A Creative Spirit

By
Patricia O'Neill

Where can I go then from your spirit
or where can I flee from your presence
(Psalm 139:6)

I once got into a lot of trouble with the good nuns. I hid in a chest in the chapel and made ghastly moaning noises. When discovered, I claimed I was the Holy Ghost, which seemed to me a funny idea. I’m not sure my theological understanding of the Spirit has progressed much since then, but my capacity to seek for it has increased as I have grown older. My soul is captured by the mystery when Genesis speaks of the spirit of God moving over the face of the deep: God eternally present, hovering over the world and light and life come next. My loneliness is consoled when the psalmist assures us that no matter where we might stray, the spirit of God is always present.

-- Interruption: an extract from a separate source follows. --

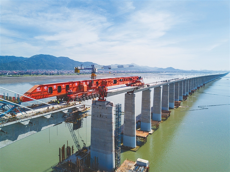 当日,我国自主研发的“昆仑号”千吨级运架一体机在中铁十一局承建的新建福厦铁路湄洲湾跨海大桥建设现场,圆满完成最后一孔40米高铁箱梁架梁任务。

I find that the concept of the Spirit is curiously acceptable in a secular world. People are more in tune with a creative Spirit than a creator God. There is a greater common recognition of the unknown force that prompts such responses as generosity, kindness, goodness, forgiveness and peacefulness; qualities traditionally taught as the fruits of the Spirit, but widely seen as goodness at work in humankind. What more cogent prayer for today could there be than the plea:

Send forth thy Spirit and they shall be created,
and thou shalt renew the face of the earth.